In der Luxemburger Schweiz wird zur Zeit ein MTB Netz entwickelt.
Das Projekt ist schon erwähnt unter: http://www.mu.leader.lu/de/index.php?page=projet

Einige Info's:
Voraussichtlich Mitte 2006 soll alles fertig sein.
Gemeinden im MTB Netz sind z.B.: Echternach, Berdorf, Befort, Consdorf, Waldbillig, Larochette.
Dieses MTB Netz bekommt auch eine Verbindung mit die im Norden von Luxemburg schon bestehenden Strecken.
Eine Erweiterung des MTB Netz auf der Deutschen Seite (zB. über Bollendorf) könnte in Zukunft auch realisiert werden.

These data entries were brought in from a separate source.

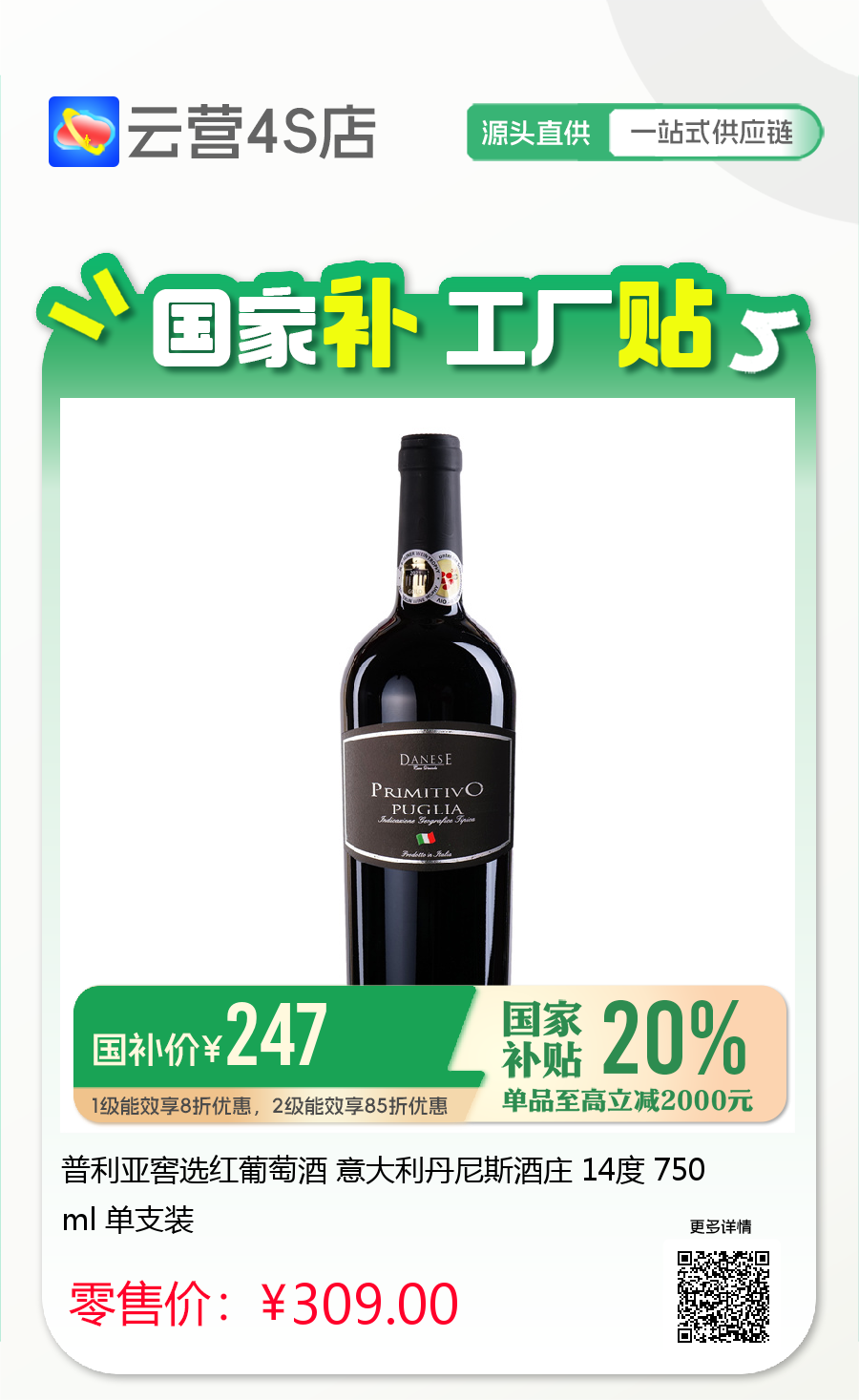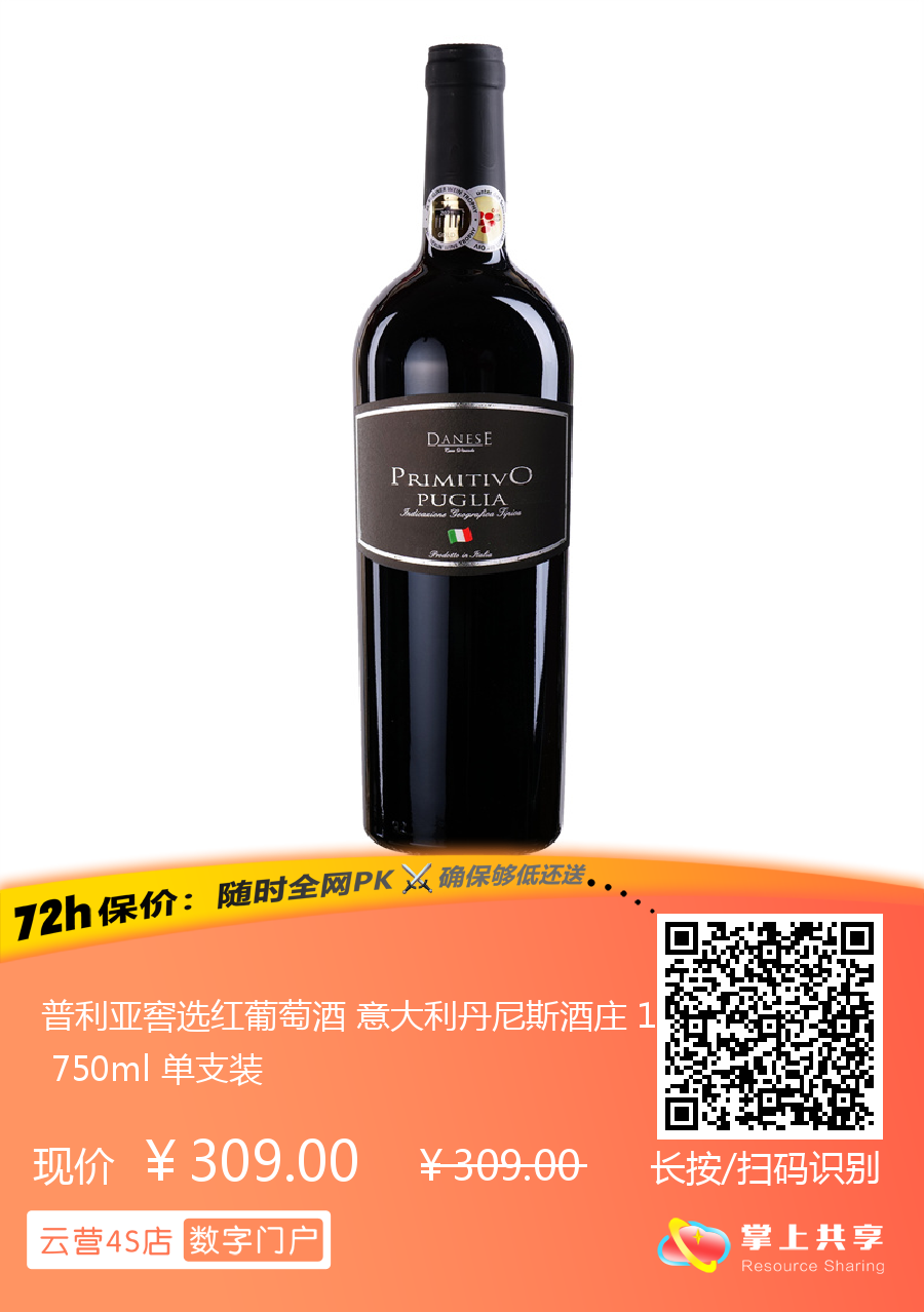 普利亚窖选红葡萄酒 意大利丹尼斯酒庄 14度 750ml 单支装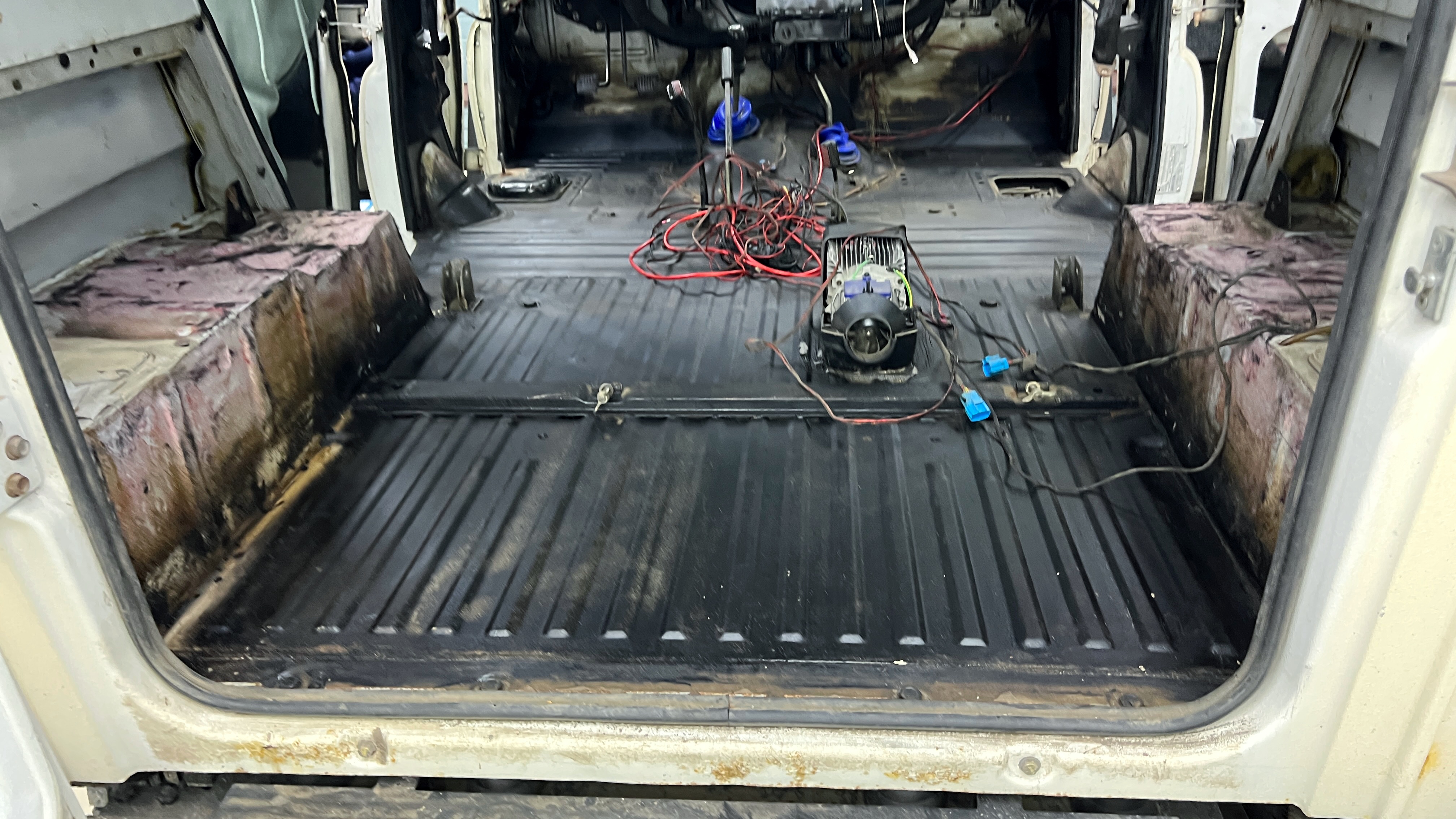 Приступаем к разборке остальной части салона, откручиваем и вынимаем сиденья, центральную консоль и ковер.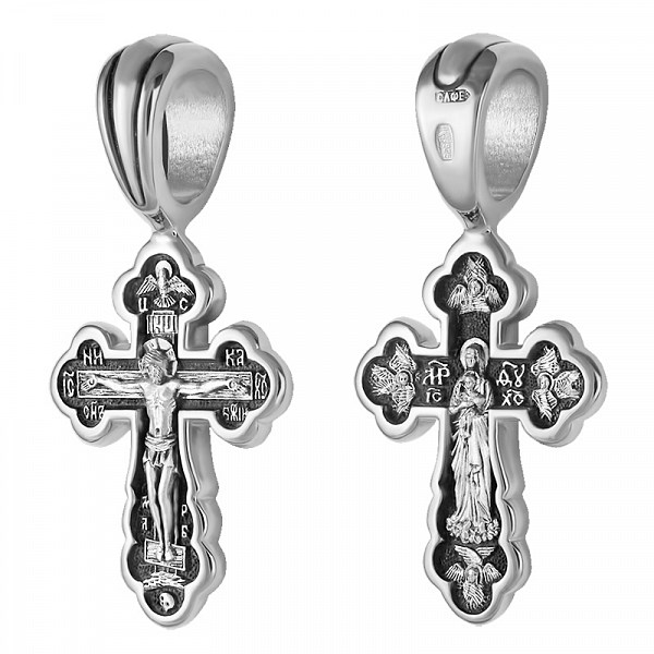 Крест серебрянный, Чернение (оксидирование), с корундами, Валаамская Божья Матерь, коллекция "Санкт-Петербург", 2.88 гр., арт. ПР.К.000611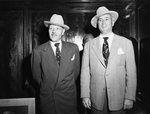 Two unidentified men wearing suits and hats. The man on the left is wearing a double-breasted suit. Both men have handkerchiefs in their suit jacket pocket.

In die Gemeinde Beaufort (auf Deutsch Befort) gibt es eine
gruppe Biker die sich in die Region (Deutsch-Luxemburgischen Grenzgebiet) sehr gut auskennen:
http://www.beaufort.lu/commune/beaufort_inside-coolbikers04.html
http://www.beaufort.lu

Wann hasst du deinen Urlaub in unsere Region geplant?
Könnten dann vielleicht zusammen eine Tour fahren....

Gruss,


----------



## Klaus Goerg (31. Mai 2005)

geplanter Termin ist 6-13.08.05. Vielleicht klappts mal mit ner Tour.

Grüsse

Klaus


----------



## Muellerthal (7. Juni 2005)

Hallo Klaus,

von 6-11.08 soll das mit die Tour kein Problem sein!

Ich werde dich einen Email mit weiteren Info's schicken.


Gruss,

Muellerthal


----------